Overall, these findings confirm that the Orin NX is the most suitable Jetson platform for computationally demanding SSA simulations, offering a well-balanced trade-off between performance, cost, and power efficiency in a compact form factor. These results underscore the importance of considering deployment constraints—not just raw performance—when selecting GPU-accelerated platforms for scientific computing in real-world environments. These trends should be read explicitly in the context of trajectory-level parallelism: as the number of concurrent trajectories increases from

2^{14}

to

2^{20}

, Figure 3 and Figure 4 show how cost- and power-normalized efficiencies evolve with parallel load, highlighting each device’s ability to sustain throughput under higher parallelism.

Finally, while the observed performance trends provide valuable empirical insights, it is essential to compare these results against theoretical performance estimates to better understand the computational efficiency and potential bottlenecks of each device. The following subsection presents a detailed comparison between theoretical and experimental performance, highlighting key factors influencing real-world execution efficiency.

Throughput in Operations per Second (GFLOPS ≡ FP-Only GOPS)

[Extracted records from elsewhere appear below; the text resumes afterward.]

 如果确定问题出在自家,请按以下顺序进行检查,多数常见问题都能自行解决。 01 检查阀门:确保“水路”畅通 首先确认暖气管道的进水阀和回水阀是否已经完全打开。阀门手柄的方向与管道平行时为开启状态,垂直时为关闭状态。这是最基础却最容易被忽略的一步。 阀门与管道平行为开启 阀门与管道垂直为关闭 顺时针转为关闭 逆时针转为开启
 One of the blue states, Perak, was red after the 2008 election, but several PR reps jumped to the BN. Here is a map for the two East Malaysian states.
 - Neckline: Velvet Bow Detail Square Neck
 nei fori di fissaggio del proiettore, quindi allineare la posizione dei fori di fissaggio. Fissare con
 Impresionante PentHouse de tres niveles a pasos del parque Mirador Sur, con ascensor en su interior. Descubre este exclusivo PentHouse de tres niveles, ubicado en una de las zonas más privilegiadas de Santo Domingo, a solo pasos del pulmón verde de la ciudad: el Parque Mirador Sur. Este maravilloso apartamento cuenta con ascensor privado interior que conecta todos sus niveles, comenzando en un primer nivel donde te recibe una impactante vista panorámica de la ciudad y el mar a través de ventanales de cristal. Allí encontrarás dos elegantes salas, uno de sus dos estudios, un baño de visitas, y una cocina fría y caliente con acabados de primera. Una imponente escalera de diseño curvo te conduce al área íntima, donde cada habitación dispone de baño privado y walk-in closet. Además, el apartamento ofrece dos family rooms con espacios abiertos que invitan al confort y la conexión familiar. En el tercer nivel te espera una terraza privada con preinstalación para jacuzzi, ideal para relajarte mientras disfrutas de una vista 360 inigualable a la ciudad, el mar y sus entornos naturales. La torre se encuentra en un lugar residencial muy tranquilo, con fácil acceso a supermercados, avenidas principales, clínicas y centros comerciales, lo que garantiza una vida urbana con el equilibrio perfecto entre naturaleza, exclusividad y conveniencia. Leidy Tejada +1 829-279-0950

Following common usage, we report throughput as GFLOPS (i.e.,

10^{9}

floating point operations per second). Because the SSA kernel is dominated by floating point arithmetic in its inner loop, these values are numerically identical to operations-per-second when restricted to floating point work; we therefore interpret reported GFLOPS as FP-only GOPS (

10^{9}

operations per second). For a workload with average iterations per trajectory

{iters}_{traj}

, number of trajectories

{num}_{traj}

, and measured wall time

{time}_{\sec}

, the effective FP-only GOPS (equal to GFLOPS) is

FP - only GOPS = \frac{19 \times {iters}_{traj} \times {num}_{traj}}{10^{9} \times {time}_{\sec}},

where 19 denotes the floating point operations per iteration, as explained in the following paragraph. If one wishes to approximate total GOPS including integer operations, a simple upper bound can be obtained by multiplying FP-only GOPS by

(1 + r)

, where r is the implementation-specific ratio of integer to floating point operations; we do not apply this scaling in order to avoid overestimation and to preserve cross-device comparability.

To assess how effectively each GPU utilizes its computational capacity, we estimate the effective FLOPS achieved during SSA execution and compare this with the theoretical peak values.

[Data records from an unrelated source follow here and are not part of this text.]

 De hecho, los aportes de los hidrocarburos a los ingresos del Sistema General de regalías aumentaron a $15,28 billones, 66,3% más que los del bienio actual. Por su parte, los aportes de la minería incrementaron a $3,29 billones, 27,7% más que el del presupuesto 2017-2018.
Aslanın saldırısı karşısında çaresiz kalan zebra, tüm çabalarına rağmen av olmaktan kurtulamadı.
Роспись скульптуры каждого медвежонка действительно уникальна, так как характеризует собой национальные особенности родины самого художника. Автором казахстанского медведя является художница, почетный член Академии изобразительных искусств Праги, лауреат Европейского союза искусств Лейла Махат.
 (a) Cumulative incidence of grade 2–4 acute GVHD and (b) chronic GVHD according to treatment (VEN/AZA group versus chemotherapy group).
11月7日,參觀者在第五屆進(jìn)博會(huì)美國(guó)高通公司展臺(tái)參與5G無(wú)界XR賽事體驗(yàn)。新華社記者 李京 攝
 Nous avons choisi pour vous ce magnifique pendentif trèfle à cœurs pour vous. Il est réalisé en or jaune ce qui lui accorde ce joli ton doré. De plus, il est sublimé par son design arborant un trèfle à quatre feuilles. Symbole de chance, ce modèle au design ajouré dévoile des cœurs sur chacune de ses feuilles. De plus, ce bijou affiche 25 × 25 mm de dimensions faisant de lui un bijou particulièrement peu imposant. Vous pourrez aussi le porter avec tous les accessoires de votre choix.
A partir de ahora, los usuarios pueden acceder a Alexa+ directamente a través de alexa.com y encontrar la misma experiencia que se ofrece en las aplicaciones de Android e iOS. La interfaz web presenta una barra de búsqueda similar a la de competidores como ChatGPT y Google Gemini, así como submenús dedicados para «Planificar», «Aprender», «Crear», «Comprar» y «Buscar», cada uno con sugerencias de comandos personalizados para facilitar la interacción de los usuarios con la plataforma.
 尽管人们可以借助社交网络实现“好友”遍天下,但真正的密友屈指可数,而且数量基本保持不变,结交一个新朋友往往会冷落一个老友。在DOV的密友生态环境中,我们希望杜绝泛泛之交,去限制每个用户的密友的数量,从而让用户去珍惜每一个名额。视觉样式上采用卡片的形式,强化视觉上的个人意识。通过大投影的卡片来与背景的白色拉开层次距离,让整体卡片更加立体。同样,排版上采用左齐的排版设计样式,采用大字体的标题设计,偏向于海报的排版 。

Each SSA trajectory involves a series of simulation steps. In each step, the following floating point operations are performed:

Propensity calculation (Step 1): three multiplications;
Total propensity and reaction selection (Steps 2–3): two additions and approximately four fused operations (e.g., comparisons and accumulations);
Time-step computation (Step 4): one logarithm, one division, one negation;
State update (Step 5): three additions;
Random number generation: two calls to curand_uniform, each estimated at two floating point (FP) operations.

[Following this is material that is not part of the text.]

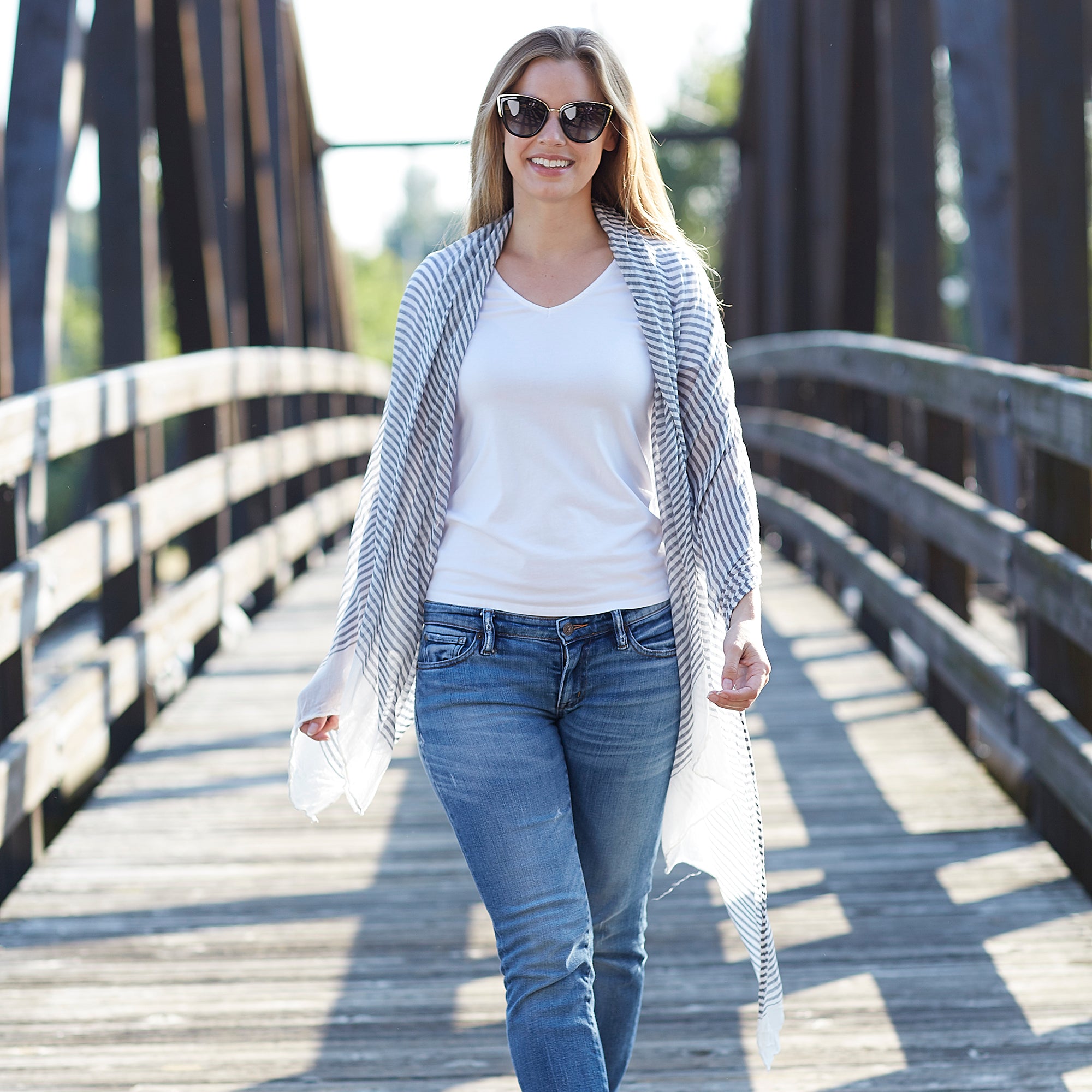 This soft, over-sized scarf will become your favorite take-along accessory. Ideal throughout hot-weather months thanks to its lightweight fabric, wear it as a shawl or wrap to cover your shoulders and torso; drape it over your legs at the dinner table, or simply wear it around your neck! However you wear it, you'll definitely want to keep this handy accessory in your purse wherever you go.

This results in approximately

3 + 6 + 3 + 3 + 4 = 19

floating point operations per iteration. Based on empirical profiling, each trajectory performs on average 2,381,417 iterations. For a problem size of

2^{20}

(1,048,576 trajectories), the total number of floating point operations is

Total FP Operations = 2, 381, 417 \times 19 \times 2^{20} .

Table 4 presents the effective GFLOPS and utilization rate relative to each device’s theoretical compute performance.

The results reveal that all devices achieve a substantial fraction of their theoretical peak FLOPS. The Xavier NX, despite its lower core count and older architecture, achieves the highest relative utilization at 84.6%, while the Orin NX and Orin Nano reach 72.5% and 73.7%, respectively. These findings suggest that the SSA kernel effectively leverages available computational resources on modern edge GPUs, and that the performance gap relative to peak theoretical limits may now stem more from instruction-level and memory latency overheads than from underutilization of the hardware.

5.4. Limitations and Generality

This study evaluates GPU-accelerated edge platforms using a trajectory-parallel CUDA implementation of Gillespie’s SSA, tuned for compute-bound execution via shared memory, efficient random number generation, and minimal synchronization. While this design is common in high-performance scientific simulations, alternative implementations—e.g., with different memory access patterns or thread-level load balancing—may exhibit different performance characteristics.

We selected SSA because it captures properties shared by a broader class of Monte Carlo–style scientific workloads: per-trajectory independence with minimal global synchronization, irregular control flow, and extensive on-device pseudo-random number generation. Accordingly, the architectural trends we report (e.g., the trade-off between clock frequency and core-level parallelism, and the influence of GPU scheduling efficiency) are expected to carry to models with similar parallel structure, including reaction–diffusion systems [44] and agent-based simulations [45,46]. We do not claim universality; workloads dominated by global reductions, frequent host–device transfers, or strongly memory-bound kernels may scale differently on edge SoCs.

To aid transferability beyond SSA, we report algorithm-level efficiency metrics—execution time per watt (ms/W) and execution time per dollar (ms/USD)—alongside throughput so that readers can interpret results under their own deployment constraints. For transparency and reproducibility, the key simulation and execution settings are summarized in Table 2, providing a consistent basis for cross-device comparison. Our analysis is scoped to GPU-accelerated edge platforms; therefore, cost- and power-normalized execution times are reported within the GPU device class. A controlled CPU-only OpenMP baseline would introduce architecture-specific tuning confounds and is left to future work.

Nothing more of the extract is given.